DATA BELOW:

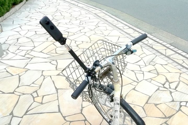 では自転車に取り付けてみたら、どんな映像が撮れるのでしょうか。そこで稲村ヶ崎の海岸線を江ノ島方面へ向けて、レンタサイクルで走ってみました。安全面への配慮から、Insta360 ONE Xは自転車にしっかりと固定。こうすることで、両手でハンドルを握って運転できます。
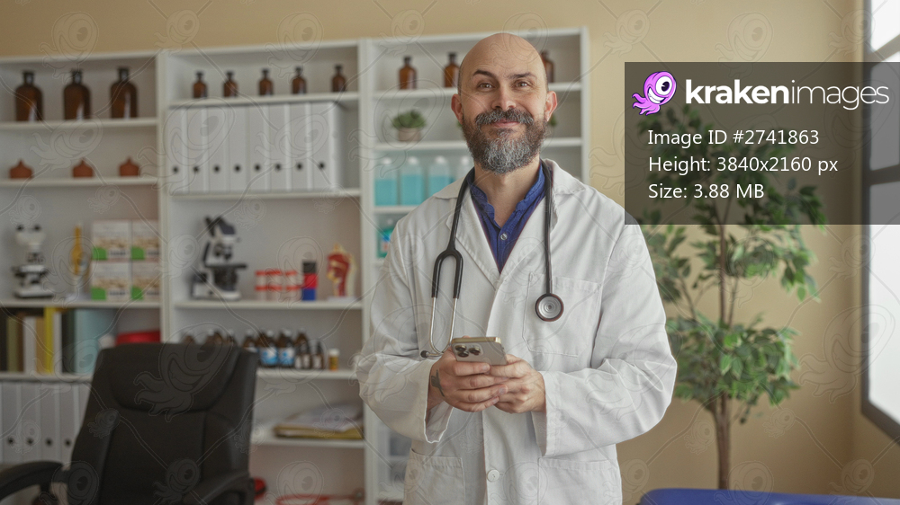Doctor with beard and stethoscope in clinic using smartphone in front of shelves and plant.
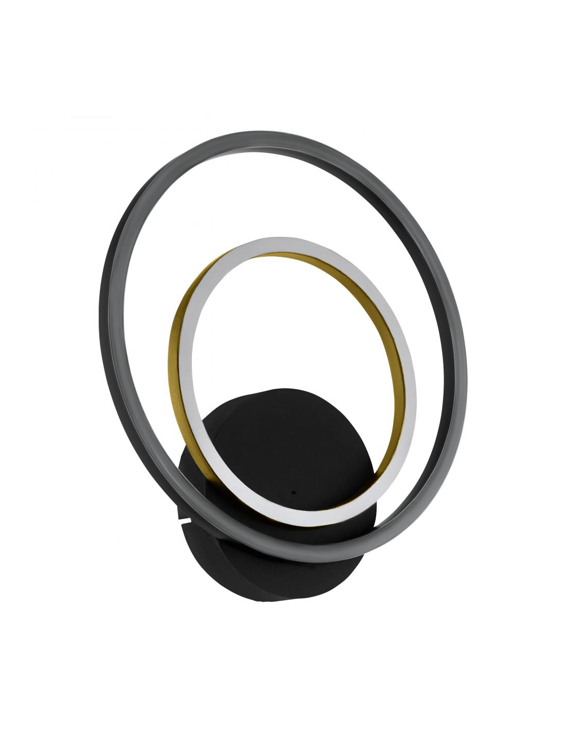 Minimalist LED wall light designed with a head in the shape of two aluminum circles, one larger black and another smaller gold color, with a black steel base. Its power of 12W makes this wall light emit 1700 lumens and 1200 lumens in its large and small leds, respectively. Ideal for lighting any room in a different way.

TRY IT: All of the data above should be quoted exactly, except for the pictures.

RESPONSE TO THIS EXERCISE:
 では自転車に取り付けてみたら、どんな映像が撮れるのでしょうか。そこで稲村ヶ崎の海岸線を江ノ島方面へ向けて、レンタサイクルで走ってみました。安全面への配慮から、Insta360 ONE Xは自転車にしっかりと固定。こうすることで、両手でハンドルを握って運転できます。
Doctor with beard and stethoscope in clinic using smartphone in front of shelves and plant.
 Minimalist LED wall light designed with a head in the shape of two aluminum circles, one larger black and another smaller gold color, with a black steel base. Its power of 12W makes this wall light emit 1700 lumens and 1200 lumens in its large and small leds, respectively. Ideal for lighting any room in a different way.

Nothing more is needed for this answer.